Tuesday, October 2, 2012

On Empathy and Exhaustion

When I was little, my empathy was boundless and always on, attuned to any living thing in the area. I cried over sick, winged things, sighed and sat quietly with cats, and begged my mother to punish me instead of the sisters who were in trouble for something they had done to me. (They would often join in, "Yeah, spank her!" *see my wry smile here*) 

As I grew, I learned to rein that empathy in, store and focus it when the time was right. I stopped letting every broken thing in through the window, and I turned my head when people walked by, because I didn't want to see what was true behind their eyes, at least not every day. My mother says that being upset, whether sad or angry or even excited and happy can exhaust you worse than running a mile. I think she's right, especially when it's not my pain I'm feeling. 

But then someone reaches in past the boundaries you've carefully placed by simply being really sad and in the same space you happen to be in. You say the right words, you make yourself small and quiet, and you hope they don't see you shaking. You shake because when the empathy is on and going full blast, you see how fragile everyone is, they are all brittle bones and weak hearts and shuddering breaths, and you've got to be so careful, so awfully, terribly careful with the wounds they've often unknowingly bared.
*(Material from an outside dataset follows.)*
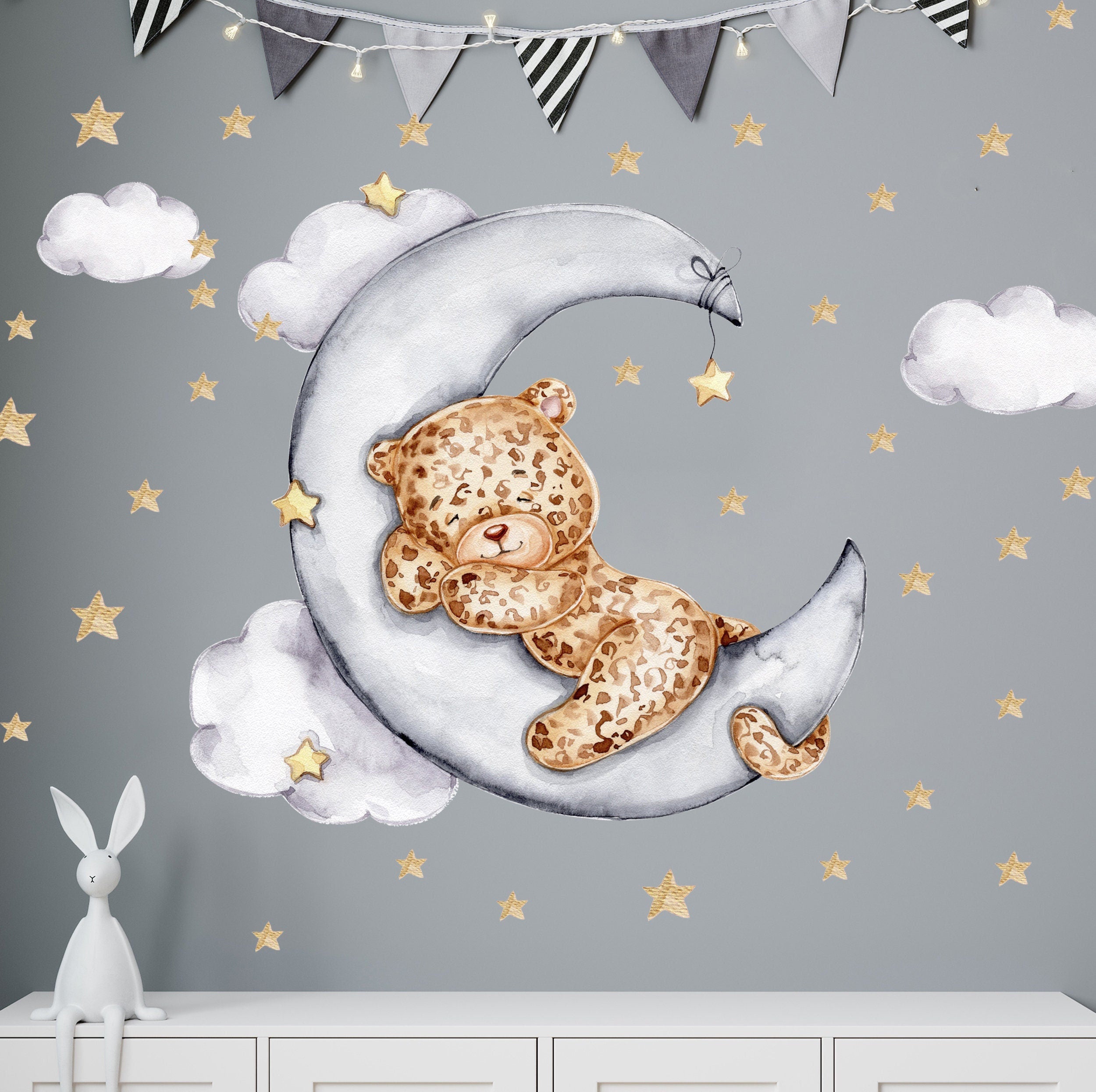 Magisches Wandtattoo: Der schlafende Babyleopard auf dem Halbmond

And for a few days after an episode like that, I still feel careful with everyone I meet, down to the mere flashing of eyes when I pass them in a hall, because I've been reminded that everyone feels; that there is a world of secret going on behind their crossed arms, and they may need my careful hands and quiet heart today. 

And it's exhausting to be so careful, so aware. I sleep the best after the days that I care.